Ben Lobb Conservative Huron—Bruce, ON

Thank you.

4:35 p.m.

Liberal

The Chair Liberal Bill Casey

Ms. Sidhu, you have five minutes.

4:35 p.m.

Liberal

Sonia Sidhu Liberal Brampton South, ON

Thank you, Mr. Chair, I'm sharing my time with Doug.

Thank you to all the panellists.

Dr. Drummond, you spoke about the crowd. I'm from Brampton South and we have 900,000 residents and it's the ninth largest city, and we have just one hospital. There are more provincial health care cuts. It's not acceptable; everyone deserves good care. My question is where do you see more incidents.
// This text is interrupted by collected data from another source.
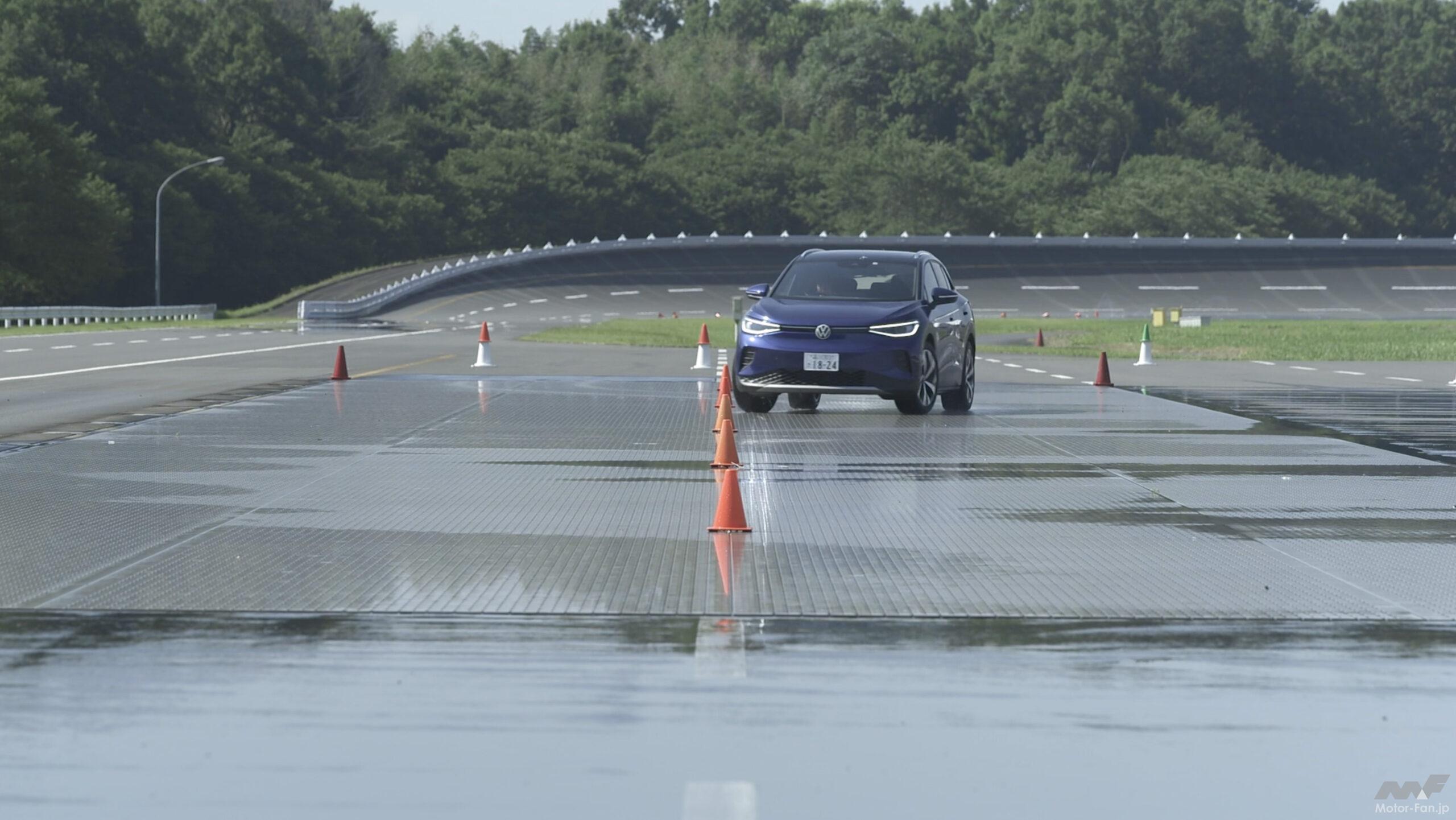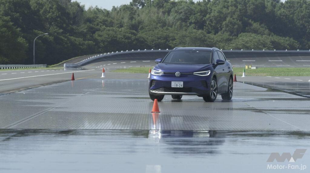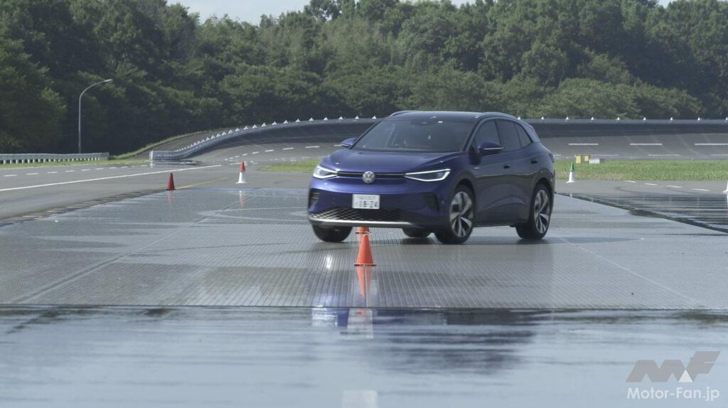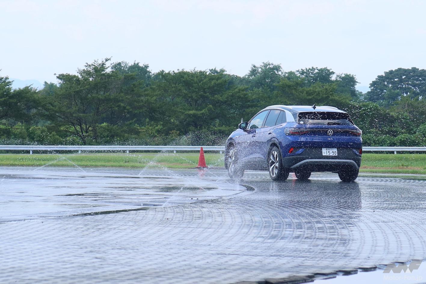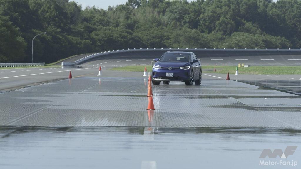 こうした特徴を持つMEBアーキテクチャーの走りを体感するプログラムが「Volkswagen Tech Day 2023」と題され、GKNドライブラインジャパンのプルービンググラウンド(栃木市)で開催された。用意されたID.4は77kWhの総電力量を持つ仕様(一充電走行距離561km)で、リヤに搭載するモーターの最高出力は150kW、最大トルクは310Nmである。
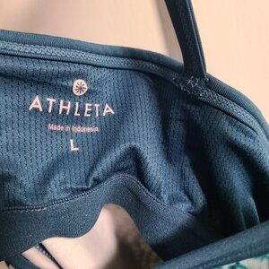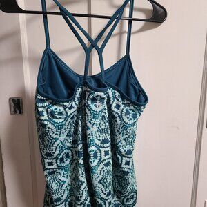 Turquoise Athleta Tank Top with built in bra, and cross back design. Size L.
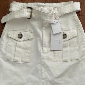 New Ted Baker Cream Eriike Utility Denim Mini Skirt with Front Pockets Size 2
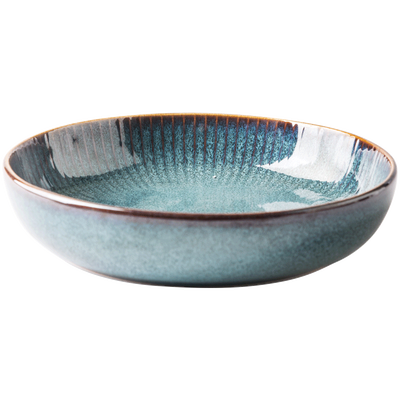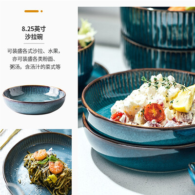 复古窑变釉工艺,凹凸竖条纹,手绘描边,手绘醇厚,造型规整,简约大气,圆润边口设计,手感细腻舒适。
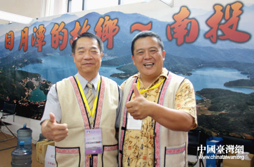 南投縣政府觀光處處長洪文能(左)和南投金都餐廳總經理王文正,向大陸同胞推介南投這個觀光旅游的好地方。(中國臺灣網記者 張弛 攝)
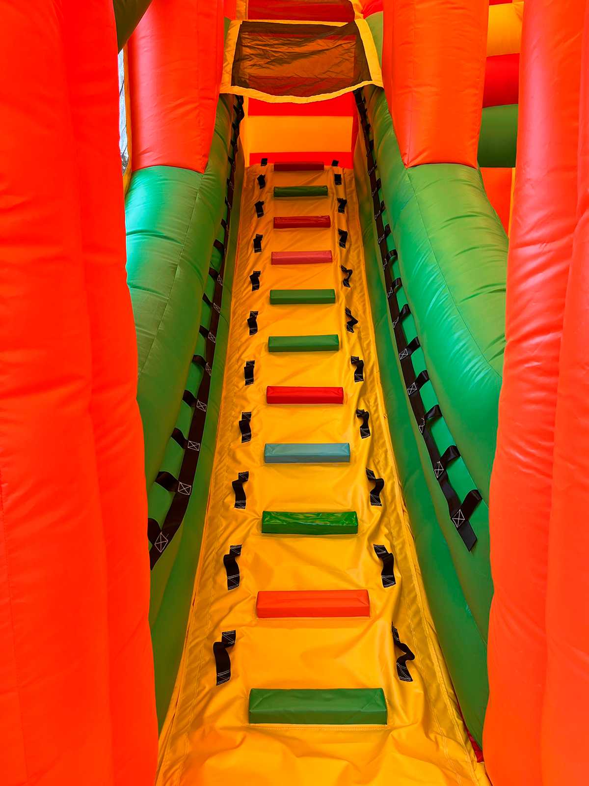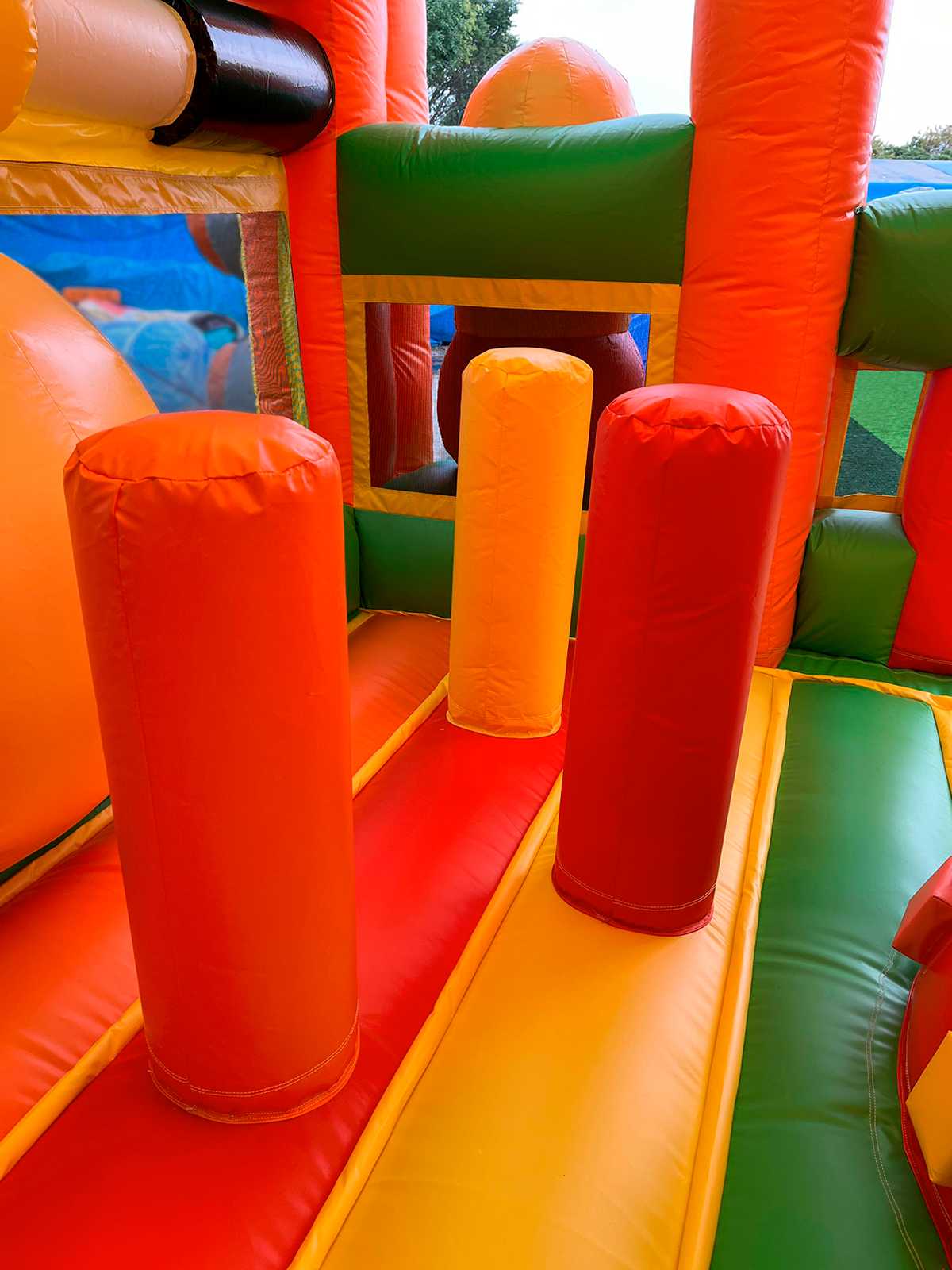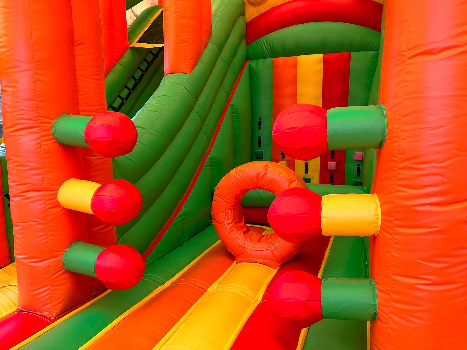 Надувной батут соответствует требованиям ТР ЕАЭС 038/2016 и ГОСТ Р 53487-2009. Аттракцион устойчив, надежно фиксируется к земле при помощи анкерных креплений. Плотный ПВХ толщиной 0,55 мм и плотностью 690 г/м² обеспечивает устойчивость к износу и погодным условиям.
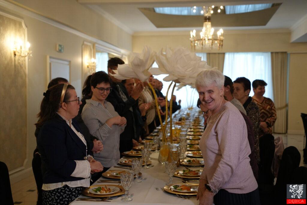 Uroczystość rozpoczęła kierownik ŚDS Marta Skórska, witając zaproszonych gości i podkreślając znaczenie ośrodka dla lokalnej społeczności. Wśród uczestników znaleźli się m.in. byli burmistrzowie Dębicy – Władysław Bielawa, pełniący funkcję w okresie powstania ŚDS, oraz Mariusz Szewczyk, który sprawował urząd w czasie przeniesienia ośrodka do jego obecnej siedziby. Obecna była również Wiceburmistrz Małgorzata Rauch, która w imieniu miasta złożyła kierownik ośrodka gratulacje i wyrazy uznania.
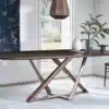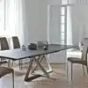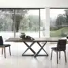 Table fix or with extensions, with lacquered Metal frame. Top in Solid wood, heritage walnut Solid wood, Veneer wood, Veneer wood with solid edge, lacquered Wood, Glossy glass, Velvet matt anti-scratch lacquered glass, Superceramic or SuperMarble.
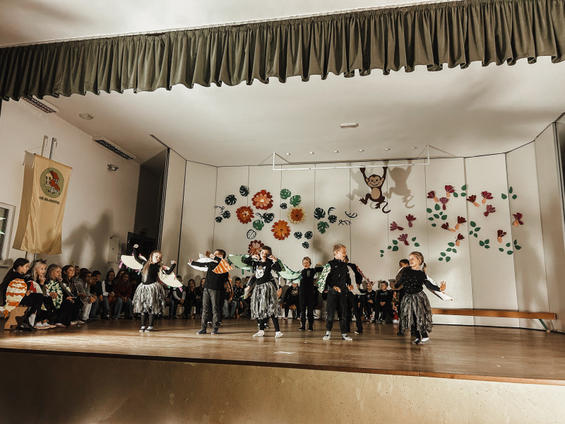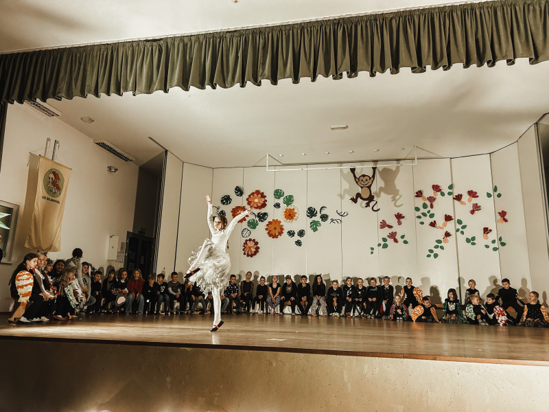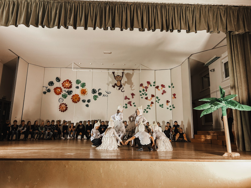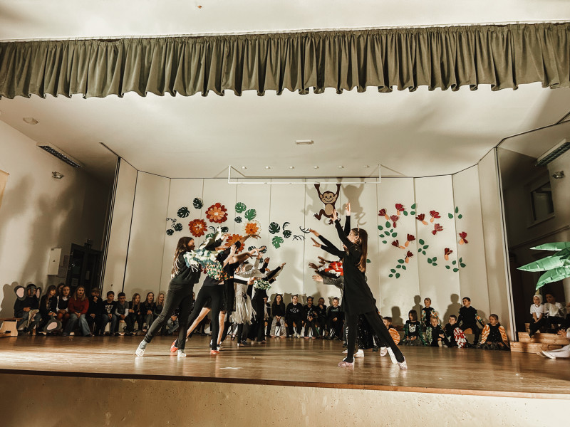 V prazničnem decembru so učenci od 1. do 5. razreda pripravili čudovito predstavo »Kakadujeva novoletna pustolovščina«, v kateri je mali kakadu na svoji poti srečal papige, leoparda, prehlajenega slona in laboda. Vsaka žival mu je podarila pomembno sporočilo o pogumu, prijaznosti, sprejemanju in prijateljstvu.
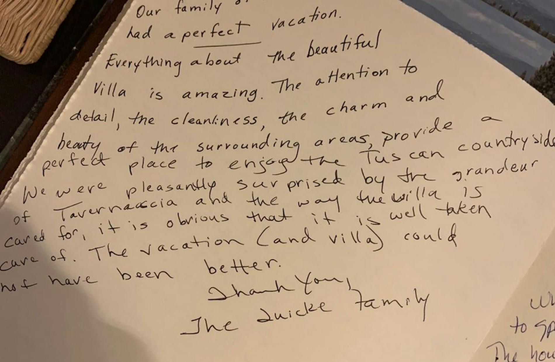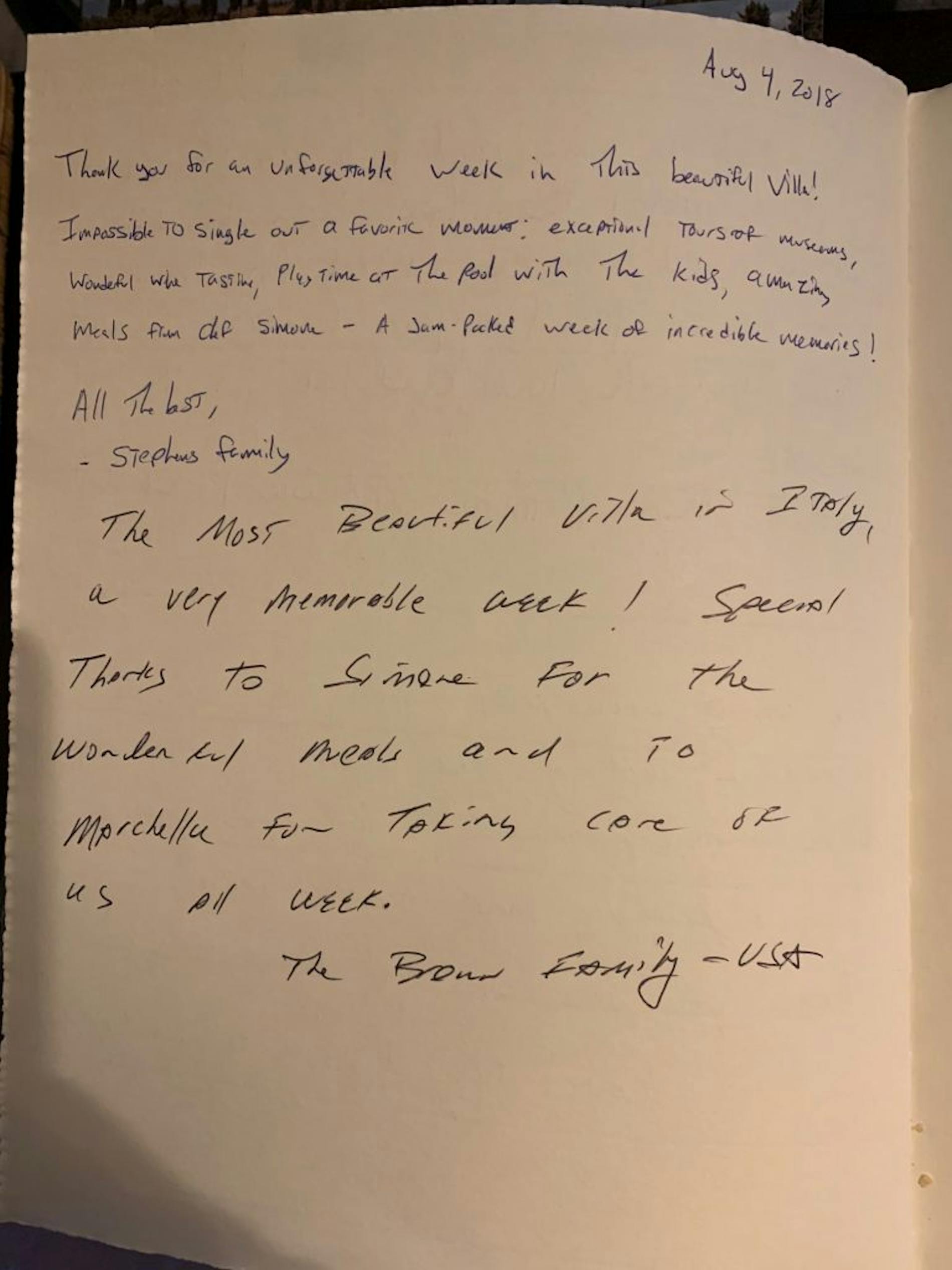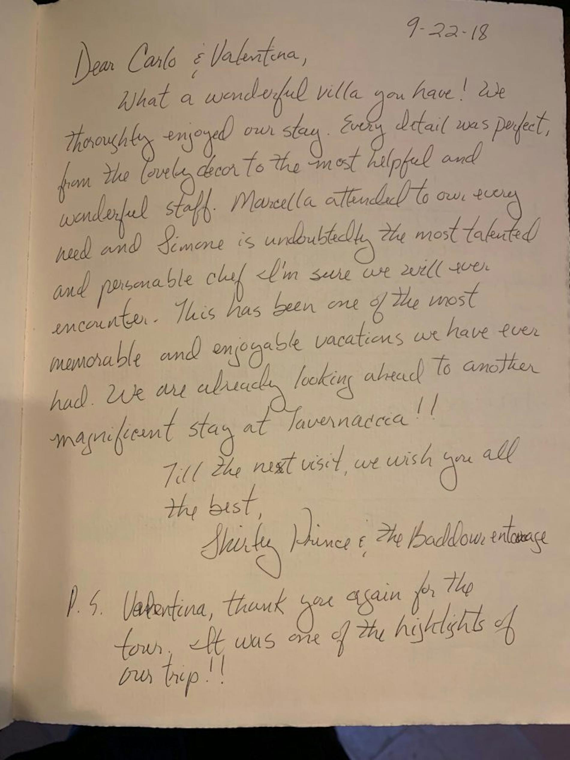 "Dear Carlo and Valentina, what a wonderful Villa you have! We enjoyed our stay. Every detail was perfect, from the lovely decor to the most helpful and wonderful staff. Marcella attended to our every need and Simone is undoubtably the most talented chef I’m sure we will ever encounter. This has been one of the most memorable and enjoyable vacations we have ever had. We are already looking ahead to another magnificent stay at villa Tavernaccia. Till the next visit we wish you all the best."

Is it in the hospitals, the long-term care facilities or the home care facility?

4:40 p.m.

Co-Chair, Public Affairs Committee, Canadian Association of Emergency Physicians

Dr. Alan Drummond

Speaking for the emergency department, it's clear. It's a daily issue of concern both rural and urban. The degrees of violence differ. There may be a quantum leap from shooting somebody in Cobourg to swearing at a nurse, but we're all entitled to a respectful, safe work environment. This is not to minimize verbal abuse. I get more than my share. For a lot of people, it wears them down. They put on their nurse's uniform, they go to work, they're community oriented, they want to do a good job for their community, they're here to serve, they're here to help but they're not here to be somebody's whipping boy or target for unacceptable behaviour. It happens in every community.

4:40 p.m.

Liberal

Sonia Sidhu Liberal Brampton South, ON

I think, as my colleague said, we need to do research to put in national data. Do you agree with that?

4:40 p.m.

Co-Chair, Public Affairs Committee, Canadian Association of Emergency Physicians

Dr. Alan Drummond

Canada is a country of research and papers and studies that all end up gathering dust in some filing cabinet somewhere. The take-home message here must be that, regardless of what the studies show, at every part of the continuum in health care there needs to be institutional accountability for the safety of our workers and the safety of our patients. That doesn't need research.